Paul Rogers, manager of the Lazard Emerging Markets Core Equity fund, concedes 2014 will be a “year of transition” for emerging markets but he believes news of a crisis has been “overdone”.

“These economies are still coming out of the global financial crisis. They couldn’t implement quantitative easing in the same way the US or UK could, so it is taking them longer to consolidate,” he says.

“But with emerging markets it comes down to valuation. Emerging market valuations are trading at a historical discount and a significant discount to other asset classes. Intelligent investors should reallocate towards emerging markets.”

Adrian Lowcock, senior investment manager at Hargreaves Lansdown, says the recent sell-off acts as a reminder that emerging markets can be volatile and are only suitable for long term investors.

He says: “Sell-offs create opportunities. However sentiment towards the asset class remains negative and it could be a long while before we see a recovery.

“Timing markets can be extremely difficult and catching the bottom is almost impossible. We recommend investors focus on the long term. One way to take advantage of the volatility is to drip feed investment into emerging markets through monthly savings.”

Experts’ emerging market fund picks

Lazard Emerging Markets fund

Ayesha Akbar, portfolio manager, ISG at Fidelity Worldwide Investment says: “The fund is managed by veteran emerging markets investor James Donald, who heads a six strong equity team, dedicated to investing in this portfolio. The team can also draw on the wider resources of the Lazard emerging markets team, who manage money in different styles. The fund is constructed on a mostly bottom-up stock picking basis, and there can be significant deviations from the benchmark as a result. The team will use both qualitative and quantitative measures in deciding which stocks to invest in and economic, corporate governance and geopolitical risks are taken into account in the construction of the portfolio.”
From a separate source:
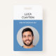 badge photo moderne et professionnel avec votre photo dans un cadre circulaire avec typographie minimaliste tendance. À l'arrière se trouve le rythme pour les coordonnées, le site Web ou les médias sociaux ainsi que votre logo personnalisé ou votre code QR. C'est la version bleue tranquille.
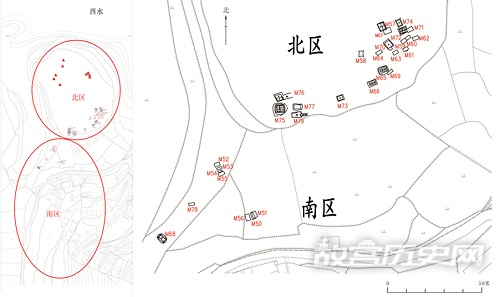本次发掘区域位于洞庭墓群东北的山丘缓坡处,墓葬沿洞庭路方向呈东北-西南向分布。根据地形地势及墓葬埋藏规律的不同,将这批墓葬分为南北两区进行介绍。(图五)

Eaton Vance PPA Global Emerging Market Equity fund

Akbar says: “This fund provides a truly differentiated approach to investing in emerging markets. The portfolio managers invest in a wide range of countries adopting a more top down rather than a stock picking approach. This fund also provides exposure to frontier markets as well as the more traditional emerging markets as the team aims for the fund to be as fully diversified across as broad a range of countries as possible. The team has set up a systematic approach which takes advantage of the higher volatility of these markets as well as the low level of correlation between countries.”

Newton Emerging Income fund

Hargreaves Lansdown’s Adrian Lowcock says: “The philosophy of this fund managed by Sophia Whitbread is that dividend growth is tied to earnings growth. Emerging markets provide a number of high growth economies, with the potential for high earnings growth; earnings growth combined with a stable dividend rate should lead to dividend growth. The yield is 4.59%.”

JPM Emerging Markets fund

Lowcock says: “The fund is managed by Austin Forey. Rather than focusing too much on short-term economic volatility he focuses predominantly on the prospects for individual companies. He currently favours businesses selling goods to consumers, believing that as incomes rise the ’emerging consumer’ could become a good source of profits for these types of company. We believe this fund is a good choice for more adventurous investors seeking long-term exposure to higher risk emerging markets.”